Who fixes this? I can look into it... is there an issue for this?
I have no idea, but it is pretty silly. Sort/isSorted on a sorted range should be a nop. Find and friends, should do doing some kind of binary search. Max and min should be O(1). Some of the functions that return a sub range or a mutated range could probably be returning sorted ranges as well if its input is a sorted range, remove, strip and split at least could.
Aug 07 2015
parent reply Timon Gehr <timon.gehr gmx.ch> writes:
On 08/07/2015 11:03 AM, Tofu Ninja wrote:
 On Friday, 7 August 2015 at 08:18:04 UTC, Nordlöw wrote:
 On Friday, 7 August 2015 at 05:21:32 UTC, Tofu Ninja wrote:
 HAHAH wow, this is hilarious, I just checked, nothing in std.algo
 takes advantage of sorted ranges, sort doesn't even take advantage of
 it! You pass a sorted range into sort and it will just resort it!
 Wow....
Who fixes this? I can look into it... is there an issue for this?

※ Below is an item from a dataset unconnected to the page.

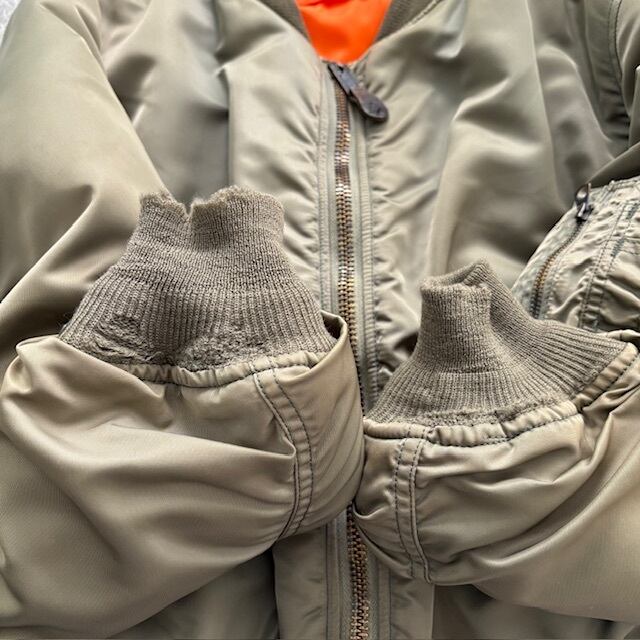 U.S.アルファインダストリーズ社では表地にフライトナイロンサテンを、裏地にウール58%、コットン42%のウールパイルを使い、1968年モデルを当時のミルスペックのままに復活しました。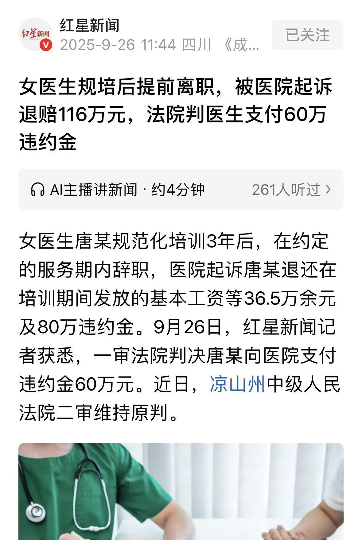 “现代版东郭先生和狼!”四川凉山,一女医生被医院送去深造3年,双方有言在先,女医生结束学业后必须在医院工作8年,这3年,医院会给女医生发放36.5万多元工资,如果女医生跳槽,不但要退还工资,还要赔偿80万,可万万没想到,女医生深造结束第7天就辞职另谋高就,医院愤怒的把女医生告上法庭,案子经过2审,法院最终的判决出乎意料。 2020年,对于唐女士来说,是职场生涯的转折点,她作为医生,因工作能力出色,被医院器重,决定把她送去深造3年,将来作为医院的中流砥柱。 当然了,医院怕唐女士学成归来,翅膀硬了另谋高就去了,那医院的一番心血就付之东流了。 为了防止这种情况发生,医院决定用一纸合同约束唐女士,双方有言在先,在唐女士深造的3年,医院会按时发放每月工资,累计36.5万多元。 但如果唐女士违约,不但要把36.5万多工资退回,还要赔偿80万违约金。 为了抓住难得的提升自己的机会,唐女士信誓旦旦承诺,不会辜负医院的栽培和厚望,等学成归来,一定用3年所学,尽心尽力的工作,绝不做过河拆桥,忘恩负义的是。 可万万没想到,唐女士最终言而无信,违背了合同,竟然在深造结束的第七天,就提交辞职信,准备人往高处走。 医院勃然大怒,认为唐女士背信弃义,没有契约精神,既然这样,那就不客气了,辞职可以,把36万多工资退回,再赔偿80万违约金,共计116万。然后双方一拍两散,各奔东西。 唐女士当然不愿意,医院一纸诉状把唐女士告上法庭,双方对簿公堂。 不想被拴住那就不要接受人家的培养计划啊!接受了培养计划,还想自主去留,那就接受法律制裁呗! 关键是这个医生这样的人,医院一个培训的名额,你想想如果他不违约的话,医院损失不大,他违约的话,医院损失可不是简简单单36.5万的事儿了。 孰是孰非每个人心里都有一杆秤,立场不同观点就会不同,但是做人最重要的是契约精神,诚信最重要! 没有医院给出的机会,唐女士能去规培吗?如果换成别人去外学习,唐某还不是老老实实呆在医院里,能有更好的平台?所以,从某种形式上讲,唐女士学成回归就辞职,不但是违约,而且应视为旷工三年,并骗取了医院三年的工资劳保福利,因此,唐女士应负全责! 人无诚信不立!有了下家就忘恩负义的人走到哪里都不受欢迎!这种人的人品极差,差到没有底线,应该拉入行业的黑名单,让她以后无法从事任何类型的医疗行业。 唐女士跟医院签的协议,说白了就是卖身契,不管你深造回来医院给你开的福利在不好,你也得在那里工作几年的,深造回来工作七天就辞职,说明医院给她的福利不行,如果福利好谁还会辞职,就是医院给她挖的坑。 这就是契约精神,在签字之前就要全面考虑得失,这位医生获得了知识和能力,损失了钱和信誉。 该医生外出培训后,认为自己医技大为提高,原医院已经不适合自己,选择辞职。许多人认为理解,但不要忘记谁给你今天的本事?如果当年没有原单位的有意培训,她不会有今天的本事,更不会有医院愿意要她。所以许多企业不愿意派人外出培训就是这个问题。 那么,法院会如何判决呢? 《劳动合同法》第22条规定:用人单位为劳动者提供专项培训费用,对其进行专业技术培训的,可以与该劳动者订立协议,约定服务期。劳动者违反服务期约定的,应当按照约定向用人单位支付违约金。违约金的数额不得超过用人单位提供的培训费用。用人单位要求劳动者支付的违约金不得超过服务期尚未履行部分所应分摊的培训费用。 唐女士与医院签订的“深造3年+服务8年”协议符合《劳动合同法》。 医院为唐女士提供的是专业技术培训,并承担了36.5万元工资,因此双方服务期约定合法有效。 2. 违约金合法性限制: 原合同约定“退还36.5万元工资+赔偿80万元违约金”,总金额116万元,但最终法院最终仅支持60万元违约金。 这是因为《劳动合同法》第22条明确要求违约金不得超过实际培训费用。 本案中,法院可能认定医院主张的“36.5万元工资”属于劳动报酬而非专项培训费用,故仅支持实际培训成本的合理比例,如60万元。 《劳动合同法》第25条规定:除本法第22条,专项培训违约金,和第23条保密义务违约金规定的情形外,用人单位不得与劳动者约定由劳动者承担违约金。 医院的“退还工资+赔偿80万元”约定存在法律瑕疵。根据第25条,用人单位仅在专项培训和保密义务两种情形下可与劳动者约定违约金,不得单方增设其他违约责任。 法院依据《最高人民法院关于审理劳动争议案件适用法律问题的解释(一)》第4条,认为违约金数额需与培训成本相当,故将80万元酌情调整为60万元。 关注@灋律盐究员 学法辩是非,用法止纷争。

I have no idea, but it is pretty silly. Sort/isSorted on a sorted range should be a nop. Find and friends, should do doing some kind of binary search. Max and min should be O(1). Some of the functions that return a sub range or a mutated range could probably be returning sorted ranges as well if its input is a sorted range, remove, strip and split at least could.
Binary search is not always faster than linear search.
Aug 07 2015
parent "Tofu Ninja" <emmons0 purdue.edu> writes:
On Friday, 7 August 2015 at 10:01:39 UTC, Timon Gehr wrote:
 On 08/07/2015 11:03 AM, Tofu Ninja wrote:
 On Friday, 7 August 2015 at 08:18:04 UTC, Nordlöw wrote:
 On Friday, 7 August 2015 at 05:21:32 UTC, Tofu Ninja wrote:
 HAHAH wow, this is hilarious, I just checked, nothing in 
 std.algo
 takes advantage of sorted ranges, sort doesn't even take 
 advantage of
 it! You pass a sorted range into sort and it will just 
 resort it!
 Wow....
Who fixes this? I can look into it... is there an issue for this?
I have no idea, but it is pretty silly. Sort/isSorted on a sorted range should be a nop. Find and friends, should do doing some kind of binary search. Max and min should be O(1). Some of the functions that return a sub range or a mutated range could probably be returning sorted ranges as well if its input is a sorted range, remove, strip and split at least could.
Binary search is not always faster than linear search.
It will be for the majority of sorted ranges. Though if other searches are needed, find and friends could take an extra arg SearchPolicy for sorted ranges that defaults to binary search.
Aug 07 2015